Segment Open

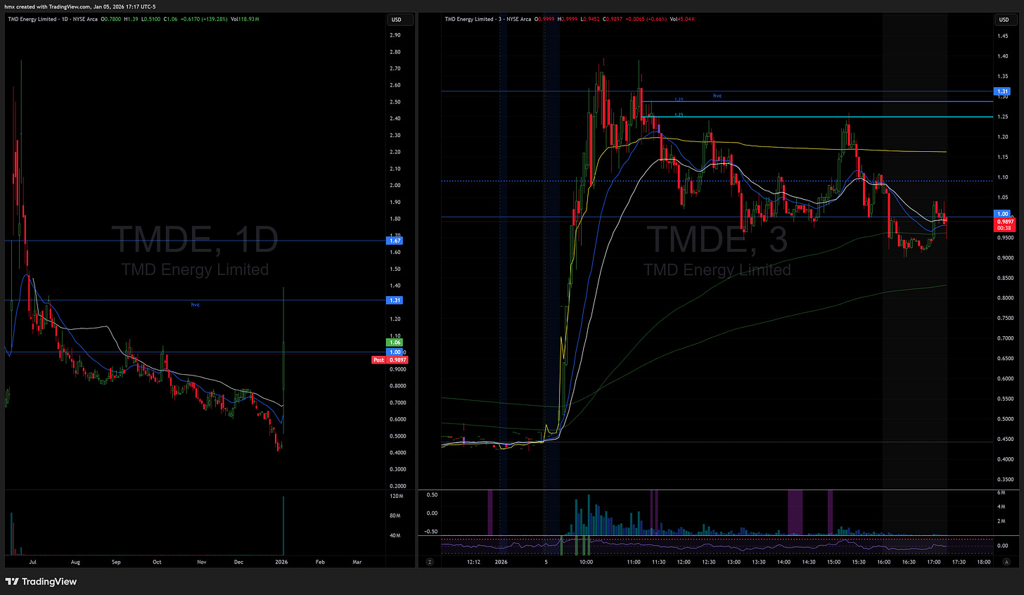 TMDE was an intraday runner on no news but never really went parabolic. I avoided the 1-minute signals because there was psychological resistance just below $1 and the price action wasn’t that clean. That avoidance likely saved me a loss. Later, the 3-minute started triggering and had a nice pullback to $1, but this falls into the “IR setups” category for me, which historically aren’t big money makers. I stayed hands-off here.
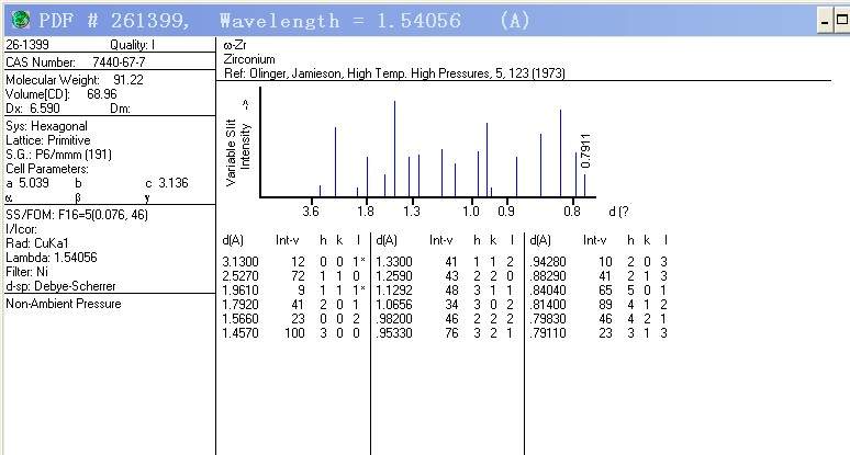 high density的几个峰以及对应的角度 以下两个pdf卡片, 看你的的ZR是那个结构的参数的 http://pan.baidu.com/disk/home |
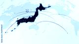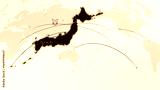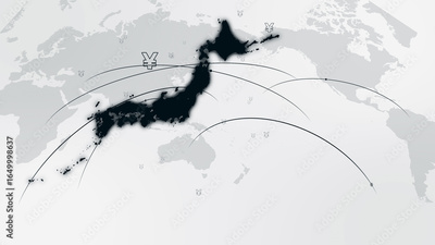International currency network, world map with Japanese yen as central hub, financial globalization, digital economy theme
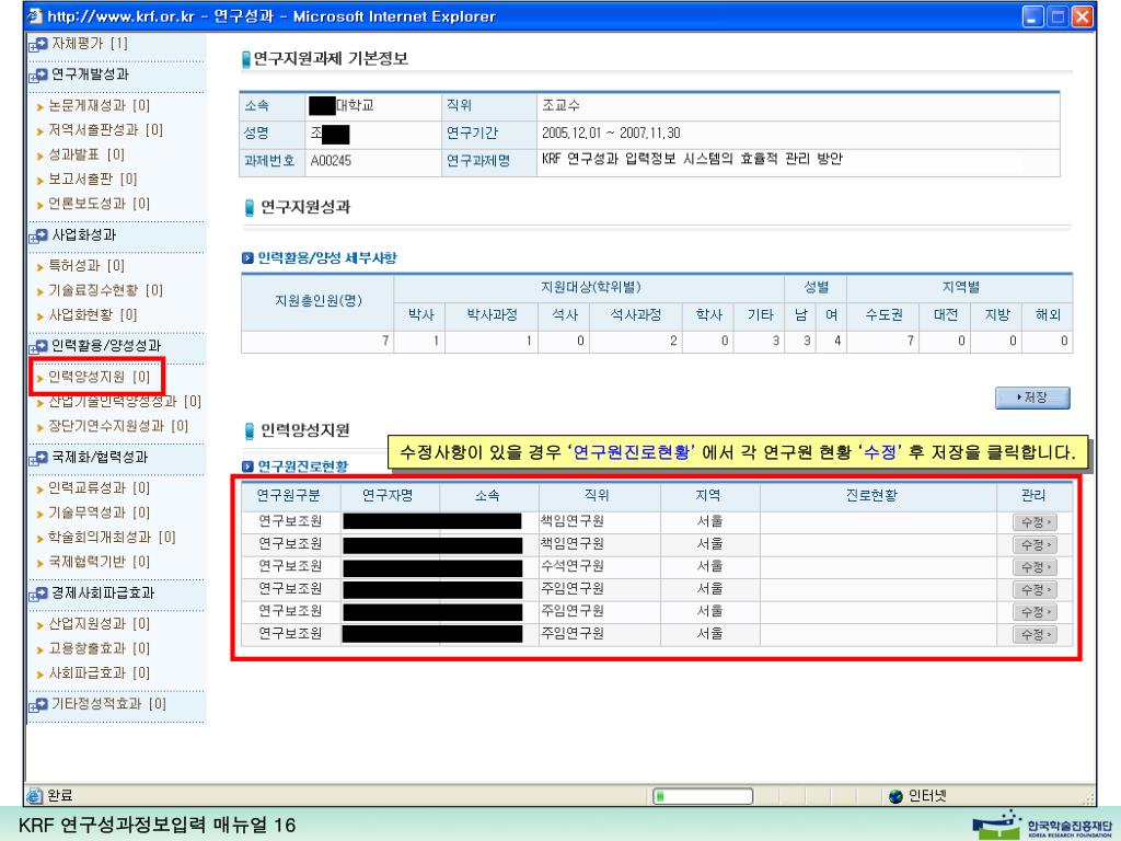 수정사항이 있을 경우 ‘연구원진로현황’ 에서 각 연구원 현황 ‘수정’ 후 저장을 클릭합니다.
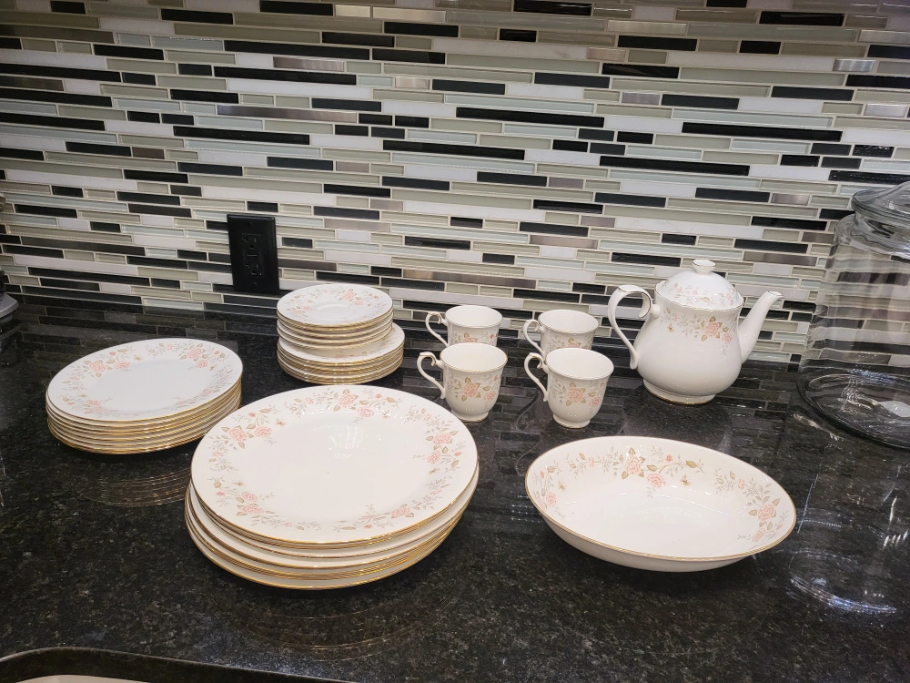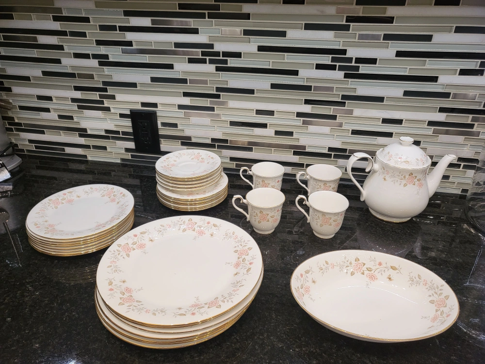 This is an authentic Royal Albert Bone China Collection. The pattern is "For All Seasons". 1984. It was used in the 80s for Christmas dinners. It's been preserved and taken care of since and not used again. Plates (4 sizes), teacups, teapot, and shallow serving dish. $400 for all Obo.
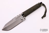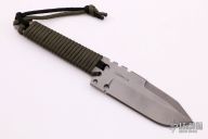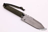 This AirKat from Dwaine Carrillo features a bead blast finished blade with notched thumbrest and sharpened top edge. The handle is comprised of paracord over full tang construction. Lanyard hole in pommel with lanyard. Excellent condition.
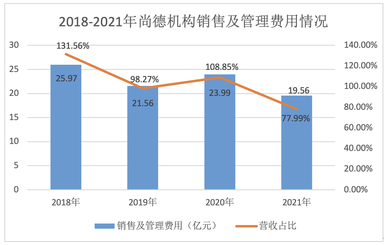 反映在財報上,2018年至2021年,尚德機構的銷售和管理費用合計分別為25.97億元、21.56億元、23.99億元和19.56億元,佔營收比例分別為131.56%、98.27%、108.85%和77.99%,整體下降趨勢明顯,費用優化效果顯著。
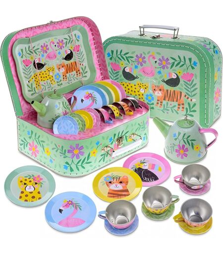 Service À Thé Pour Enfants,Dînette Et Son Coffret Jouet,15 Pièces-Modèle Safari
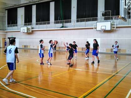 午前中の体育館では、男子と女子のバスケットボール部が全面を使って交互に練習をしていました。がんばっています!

Segment Closed

• _Task to carry out_: Where an entry contains an image, skip the image; repeat everything else exactly.

• _Answer for the task_:
 TMDE was an intraday runner on no news but never really went parabolic. I avoided the 1-minute signals because there was psychological resistance just below $1 and the price action wasn’t that clean. That avoidance likely saved me a loss. Later, the 3-minute started triggering and had a nice pullback to $1, but this falls into the “IR setups” category for me, which historically aren’t big money makers. I stayed hands-off here.
 high density的几个峰以及对应的角度 以下两个pdf卡片, 看你的的ZR是那个结构的参数的 http://pan.baidu.com/disk/home |
International currency network, world map with Japanese yen as central hub, financial globalization, digital economy theme
 수정사항이 있을 경우 ‘연구원진로현황’ 에서 각 연구원 현황 ‘수정’ 후 저장을 클릭합니다.
 This is an authentic Royal Albert Bone China Collection. The pattern is "For All Seasons". 1984. It was used in the 80s for Christmas dinners. It's been preserved and taken care of since and not used again. Plates (4 sizes), teacups, teapot, and shallow serving dish. $400 for all Obo.
 This AirKat from Dwaine Carrillo features a bead blast finished blade with notched thumbrest and sharpened top edge. The handle is comprised of paracord over full tang construction. Lanyard hole in pommel with lanyard. Excellent condition.
 反映在財報上,2018年至2021年,尚德機構的銷售和管理費用合計分別為25.97億元、21.56億元、23.99億元和19.56億元,佔營收比例分別為131.56%、98.27%、108.85%和77.99%,整體下降趨勢明顯,費用優化效果顯著。
 Service À Thé Pour Enfants,Dînette Et Son Coffret Jouet,15 Pièces-Modèle Safari
 午前中の体育館では、男子と女子のバスケットボール部が全面を使って交互に練習をしていました。がんばっています!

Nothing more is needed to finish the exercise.